Auf der Motorhaube ausgeflippt

Dachau - Dass eine Familie füreinander einsteht, mag nachvollziehbar sein. Doch dass die Ehefrau und die Töchter des Angeklagten einem Strafgericht Lügen auftischen, das geht natürlich nicht.

Nein, ihr Mann bzw. Vater sei nicht wütend auf Motorhaube und Dach eines anderen Autos herumgetrampelt, er sei: auf die Motorhaube gefallen, wie sie meinten. Dem Angeklagten nutzten dieser Art Beistand nichts. Der 41-Jährige wurde wegen gefährlichen Eingriffs in den Straßenverkehr verurteilt.

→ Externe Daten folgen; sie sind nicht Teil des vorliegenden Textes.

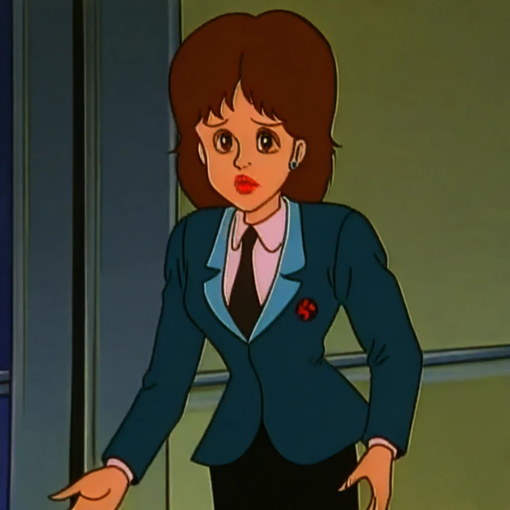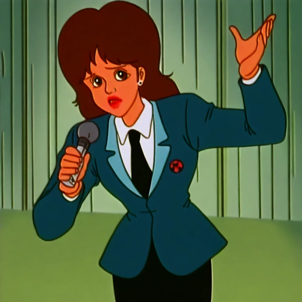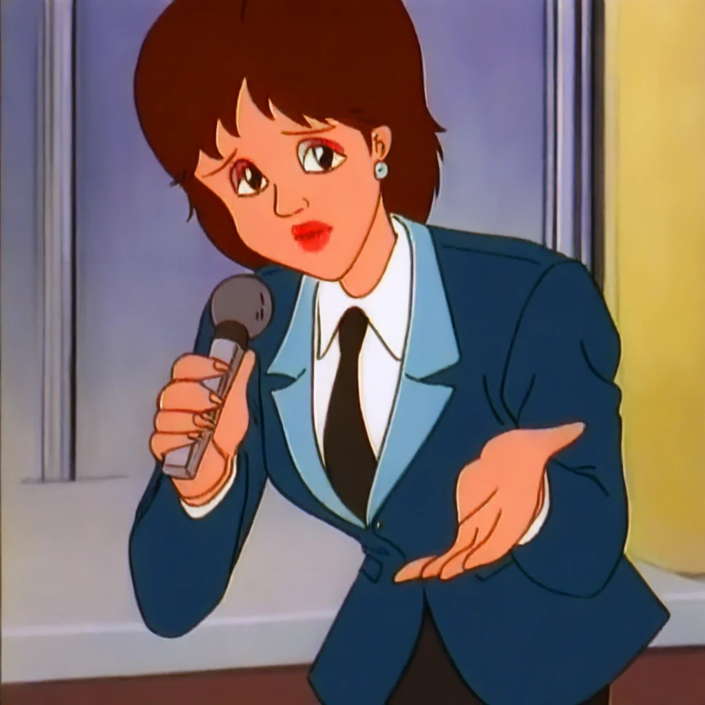 Bree Ricotta, Brown Hair, Blue Blazer, Microphone, Red Lipstick, Brown Eyes, Brown Hair, Necktie, White Dress Shirt, Pencil Skirt, Earrings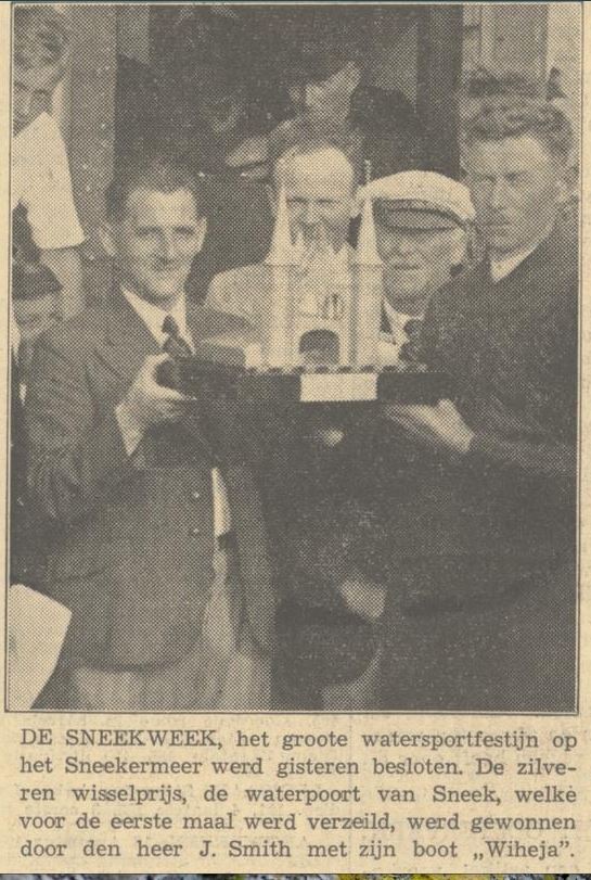 Zilveren waterpoort gewonnen door Dhr J. Smith met zijn boot ”Wiheja” 18-08-1939
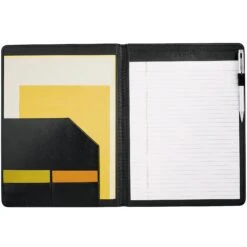 These classic padfolios feature an 8.5 by 11 inch lined notepad on one side, and a document pocket and business card pockets to hold everything you’ll need for your next meeting, conference or networking event.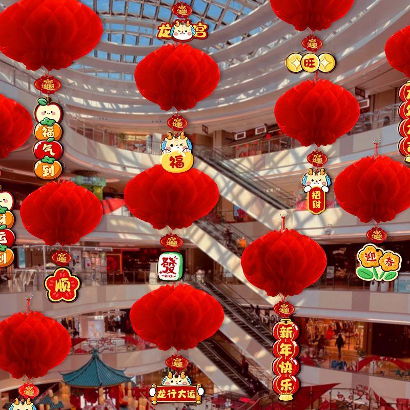推开商场那扇沉甸甸的玻璃门,一股热浪裹着甜腻的糖果香扑面而来。头顶是密不透风的红灯笼海,像一片倒挂的火烧云,把每个人的脸都映得红扑扑的。中央那瓶足有两层楼高的"福运当头"啤酒塔成了绝对主角——鎏金瓶身上盘着九条立体金龙,龙须里嵌着会呼吸的LED灯,一闪一闪像在眨眼。瓶口垂下的中国结流苏足有成人手臂粗,被空调风吹得轻轻摆动,扫过下方排队拍照的孩子们的发梢。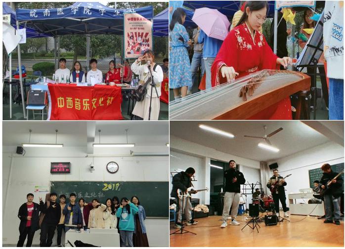 中西音乐文化社拥有两支朝气蓬勃的乐队。2020级“铂引力”乐队以作品《社会主义好》应邀参加临床医公司晚会、以作品《旗开得胜》应邀参加校艺术展演、社团草坪演出等,在每一次表演中都留下了热爱与不凡。2021级“多巴胺”乐队是新鲜且热烈的,在充满梦的年纪,将以更优秀的作品呈现更多精彩。在校园的文化氛围里,两支优秀乐队通过中西两种乐器相结合的方式,不仅将优美旋律传播校园,更传递传着正确的文化价值观,以音乐文化为本,客观审视外来音乐,取其精华,弃其糟粕,促进自身音乐文化传统的发展。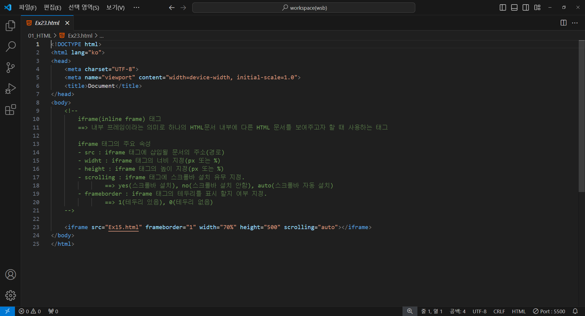- src : iframe 태그에 삽입될 문서의 주소(경로)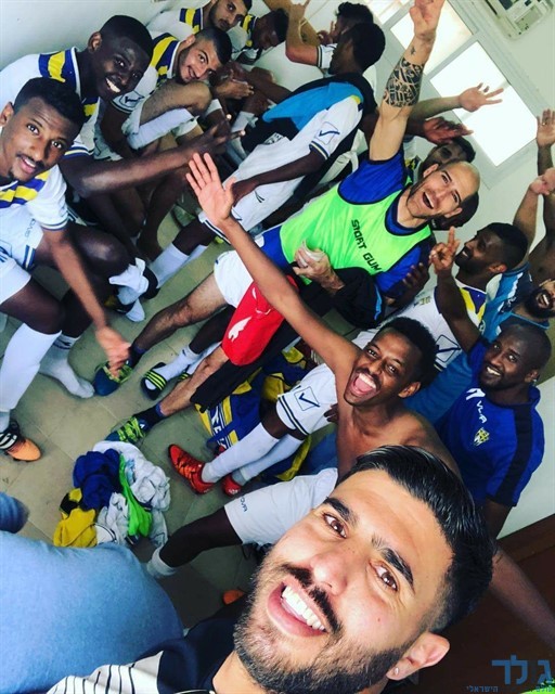 שחקני אשדוד חוגגים בסיום (מוטי קדוש)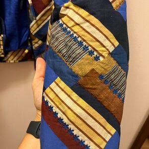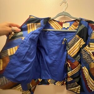 A quilted jacket with lots of colors and knit. Bought last season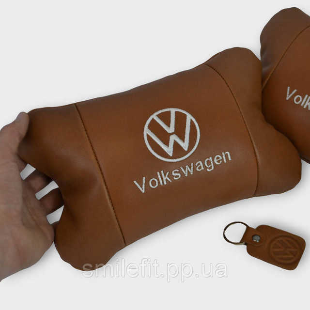 Набір подушок 2шт для автомобіля Volkswagen, з натуральної коричневої шкіри. Подушки на підголовник, Київ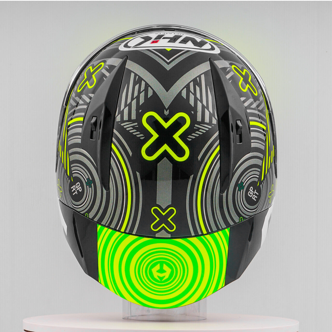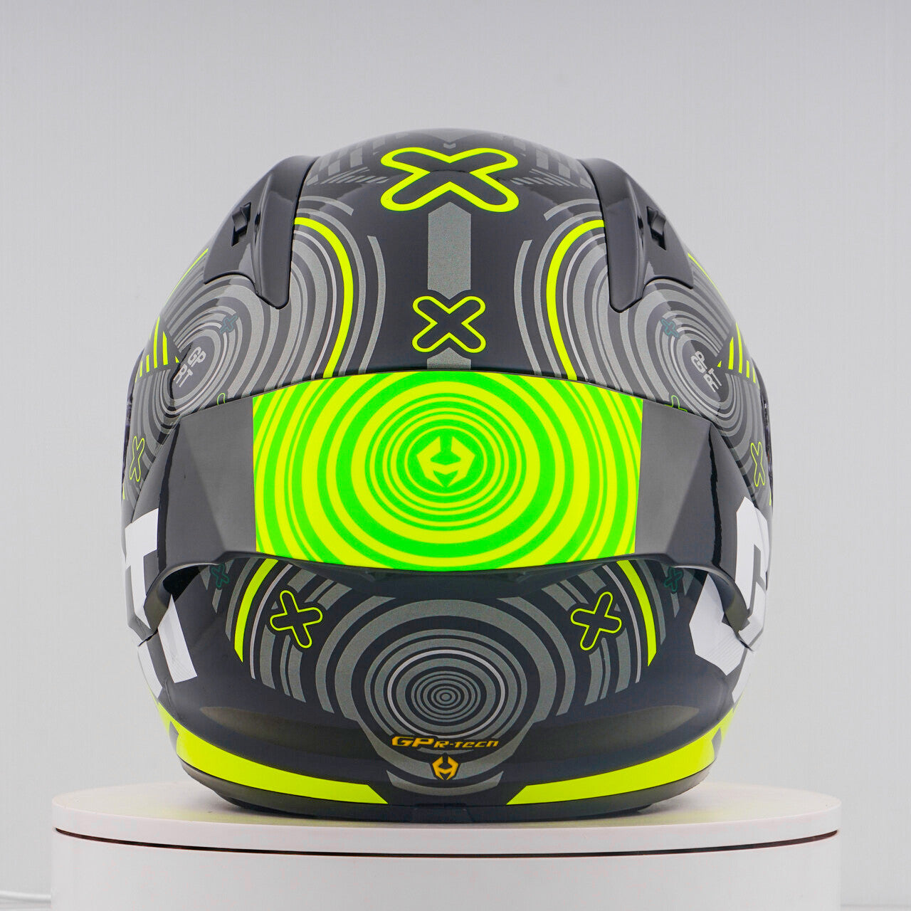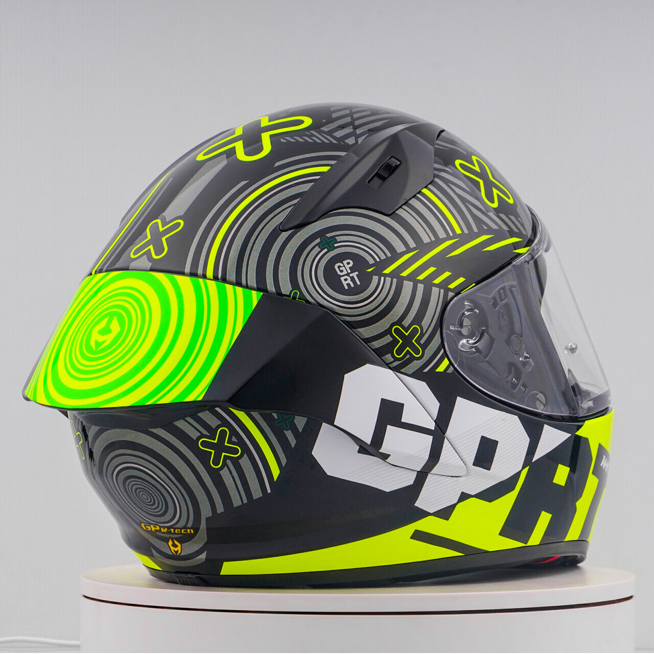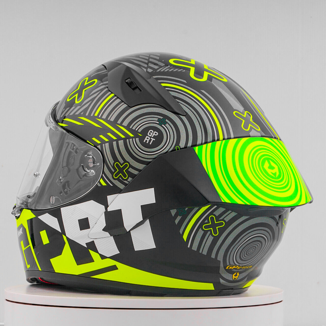 Erleben Sie den ultimativen Motorradhelm mit dem NHK GP-R Tech Race, der FIM-zugelassen ist und eine (AFRC) Advanced Fiberglass Reinforced Composite-Verbundschale in fünf Größen bietet, die perfekte Passform und Schutz garantiert. Der AFRC ist ein Verbundwerkstoff, der aus einer Matrix und Verstärkungsfasern besteht. Die Matrix ist in der Regel ein Polymer (z. B. Epoxidharz), während die Verstärkungsfasern aus Glasfasern bestehen. Mit neun Innenschalengrößen und zwölf Helmgrößen finden Sie immer die ideale Passform. Unser 4D-Air Lüftungssystem sorgt für eine optimale Belüftung und ein angenehmes Tragegefühl, während das Premium und komfortable Innenfutter höchsten Komfort bietet. Der Helm wurde aerodynamisch in den Klassen der MotoGP getestet und verfügt über ein flaches Visier mit "Wide Angle View" für ein erweitertes Sichtfeld. Das Pin-Lock & Tear-off-ready Visier gewährleistet klare Sicht unter allen Bedingungen. Dank des 100% vollmechanischen Visiersystems ist der Wechsel des Visiers einfach und schnell. Das herausnehmbare und waschbare Innenfutter sorgt für einfache Pflege und Hygiene. Der Helm ist zudem vorbereitet für einen "Camel-Bag" und kann problemlos mit Brille getragen werden. Das Doppel-D-Ring-Rückhaltesystem und die Wange zur Notabnahme bieten zusätzliche Sicherheit und Stabilität. Der Helm wurde im Windkanal getestet, um beste Leistung bei hoher Geschwindigkeit zu gewährleisten.

Familienvater und Schreiner Ahmet Öszan (alle Namen geändert) aus Paris stand vor dem Dachauer Amtsgericht. Der Sachverhalt: Im August 2015 hatte der 41-Jährige mit türkischer und französischer Staatsangehörigkeit auf der A8 auf Höhe der Anschlussstelle Dachau, „Leib und Leben der Insassen eines anderen Fahrzeuges riskiert“, wie Staatsanwältin Claudia Bergmann behauptete.

Damals soll der 41-jährige mit seiner Mercedes-Limousine den Golf von Familie Krause aus Odelzhausen rechts überholt haben, nachdem Fahrer Vater Krause zuvor wegen des Verkehrs abbremsen musste. In dem Golf saßen neben dem Vater auch noch Mutter Krause (35) sowie der knapp ein Jahr alte Sohn auf der Rückbank sowie die siebenjährige Tochter auf dem Beifahrersitz. Nach dem Überholvorgang scherte Öszan kurz vor dem Golf wieder links ein und bremste Vater Krause aus. Beide Fahrzeuge fuhren schließlich nach rechts bis auf den Seitenstreifen. Erst da kamen sie zum Stehen. Der Angeklagte, der mit seiner Familie auf der Rückreise vom Urlaub in Istanbul nach Paris unterwegs war, gab vor, dass er sich durch das starke Abbremsen von Vater Krause provoziert gefühlt hatte: „Ich habe mich beängstigt gefühlt“, übersetzte der türkische Dolmetscher. „Ich hatte Angst, dass es zu einem Zusammenstoß kommt. Deswegen habe ich rechts überholt“, erklärte der 41-Jährige. Und er wollte Krause zur Rede stellen. Laut Anklage soll der Angeklagte ausgestiegen sein. Danach soll er auf die Motorhaube des Golf geklettert sein und einige Male auf die Windschutzscheibe eingeschlagen haben. Der Schaden am Golf: 4291 Euro.

Dass er den Golf ausgebremst und auf den Seitenstreifen gedrängt hat, gab der Angeklagte zu. Richter Calame mahnte: „Sie sind nicht der Scheriff hier.“ Gegen die übrigen Vorwürfe wehrte sich der 41-jährige Schreiner aber vehement: Er behauptete, der Golf sei wieder angefahren, daher habe er sich auf der Motorhaube abstützen müssen. Sonst wäre er überfahren worden. Seine Frau und beide Töchter bestätigten diese Geschichte.

Allerdings hatte ein weiterer Autofahrer das Klettern auf die Motorhaube sowie die Schläge auf die Windschutzscheibe aus dem fahrenden Auto heraus beobachtet. Aufgrund dieser Aussage sowie den Angaben von Vater und Mutter Krause verurteilte Richter Calame den Angeklagten zu einer Geldstrafe in Höhe von 2700 Euro. Zudem ist Ahmet Öszan nun für 14 Monate lang seinen Führerschein los.